The Voices for Change logo on an aerial of Columbia's Morningside Heights campus

Thai Jones, Herbert H. Lehman Curator for American History, Rare Book & Manuscript Library


 In the Archives and the Classroom

My work at Columbia has presented me with two main entry points into the question of Columbia and white supremacy: the archives and the classroom.

Thai Jones,  Herbert H. Lehman Curator for American History, Rare Book & Manuscript Library at Columbia University

For the last seven years I have worked as curator for American History at the Rare Book & Manuscript Library (RBML), the largest archive on campus. I have also taught the History Department’s Columbia University & Slavery seminar on multiple occasions, and remain deeply involved in that project.

In the archives, we have found the historical proof of Columbia’s white supremacist past, including slave-owning presidentsstudents, and faculty members, trustees profiting from enslaved laborracial violence to enforce segregation, and ongoing impositions on neighboring communities. In the classroom, we see how these histories continue to have an impact on our students, who identify deeply with the university while also fighting against racism in their lives and are eager to make Columbia a more diverse and inclusive space. 

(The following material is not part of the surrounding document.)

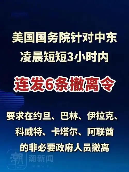 【美国连发8条撤离令】 美东时间3月3日,美国国务院在一天之内密集发布了8条撤离令,覆盖中东多个国家,引发全球关注。当天凌晨,短短3个小时里,6条撤离令接连下达,涉及约旦、巴林、伊拉克、科威特、卡塔尔、阿联酋六国,要求这些国家的美国非必要政府人员及其家属尽快撤离。 到了深夜,又有两条撤离令接踵而至,将阿曼和沙特阿拉伯也纳入其中,完成了这场罕见的密集撤离部署。 这次撤离行动并非毫无预兆,在此之前,美国国务院就已经发布过相关警示,敦促15个中东国家和地区的美国公民立即撤离,为后续的密集撤离指令埋下了伏笔。 不同于以往逐步推进的撤离模式,这次3小时连发6条指令的速度,在美国外交史上十分罕见。能看出局势的紧迫性已经到了不容忽视的程度。 此次被纳入撤离范围的八个国家,分布在中东不同区域,既有紧邻以色列的约旦,也有波斯湾周边的海湾国家,这些国家大多是美国在中东军事存在的重要据点。 其中,科威特、巴林等国境内设有美军核心基地,此前已经遭遇过不同程度的袭击,美国驻科威特大使馆更是提前发布声明,提醒民众远离使馆区域,避免受到导弹和无人机袭击的波及。 而使馆院内曾冒出的浓烟,也让当地的紧张氛围进一步升级。随着撤离令的全面下达,美国驻中东多国使馆陆续采取临时关闭措施,工作人员忙着整理文件、协调撤离事宜,原本正常的外交办公秩序被彻底打乱。 与此同时,美国国务院还在社交媒体上以红色图标持续更新相关国家的旅行警告,进一步扩大警示范围。提醒在当地的美国公民尽快利用商业交通撤离,不要拖延。 值得注意的是,美国的撤离行动并非个例,就在其发布密集撤离令的同时,全球多个国家也同步启动了撤侨计划。 韩国计划撤离在中东的2.1万公民,日本组织陆路撤侨,俄罗斯动用军机接回外交人员,超过20个国家将伊朗、以色列等国列为最高风险区,要求公民立即离开。 这种多国步调一致的行动,背后是对中东局势可能进一步升级的共同判断。此次美国密集发布撤离令,背后和近期中东地区的局势动荡密切相关。 美以联合对伊朗发动军事打击后,伊朗发起了大规模报复行动,打击范围覆盖中东多个美军基地,不少海湾国家因为境内有美军设施,直接成为了反击目标。 阿联酋迪拜的机场航站楼、卡塔尔的预警雷达都曾遭到袭击,民用设施受波及的同时,也让当地的安全风险从潜在威胁变成了现实危险。除了直接的军事袭击威胁,交通中断也让撤离变得刻不容缓。 为应对空中威胁,中东多国相继关闭领空,商业航班大面积取消或停飞,迪拜、阿布扎比等主要航空枢纽运营受阻,正常的撤离渠道正在快速收窄。 若是不及时下达撤离令,留在当地的非必要人员很可能会被困在战区,陷入两难境地。美国驻沙特大使馆在发布撤离令的当天,还遭遇了两架无人机袭击,引发局部火灾,虽然没有造成人员伤亡,但也让当地的安全形势更加严峻。 而科威特境内发生的一件事,更能看出局势的混乱——三架美军F-15E战斗机,没有被伊朗导弹击落,反而被科威特自己的防空系统误击坠毁。足以说明当地的紧张程度已经到了草木皆兵的地步。目前,美国的撤离工作正在推进中,而中东地区的局势依然充满不确定性。 霍尔木兹海峡作为全球重要的石油运输通道,面临被封锁的风险,一旦受阻,全球20%的石油运输将受到影响,进而波及全球油价和经济稳定。 而伊朗的反击态势依然强劲,美国的撤离行动究竟会对地区局势产生怎样的影响,后续是否还会有新的撤离指令,都还没有明确的答案。 这场罕见的密集撤离,牵扯到多个国家的利益和安全,也让中东地区的地缘博弈再次成为焦点。 美国一天连发8条撤离令,背后是对局势的预判和应对,而多国同步撤侨的行动,也让人们看到了这场危机的波及范围之广。 不知道大家怎么看这件事?你觉得美国密集撤离的背后,还有哪些不为人知的考量?中东局势接下来会朝着什么方向发展?欢迎留下你的观点一起讨论。

At the RBML, we work with students to master the skills of historical research. By showing them the ways that white-supremacist scholars have misused the archives—through implicit biases, selective reading, active erasure, and outright lies­—we can pull back the curtains on the workings of racist scholarship.

Students at the RBML can look at the same archival documents that past historians used; they can see with their own eyes when sentences were taken out of context, how data was manipulated, how unwelcome evidence was ignored. Students who have experienced this first-hand feel empowered in their ability to disprove racist arguments and correct the historical record based on their own research and scholarship.

Almost everything we’ve learned in the Columbia & Slavery project has been discovered through superb student research. And yet the most important outcomes of that initiative are not the specific historical findings, but the cohorts of student researchers who have used these skills to pursue antiracist work in their post-graduation careers.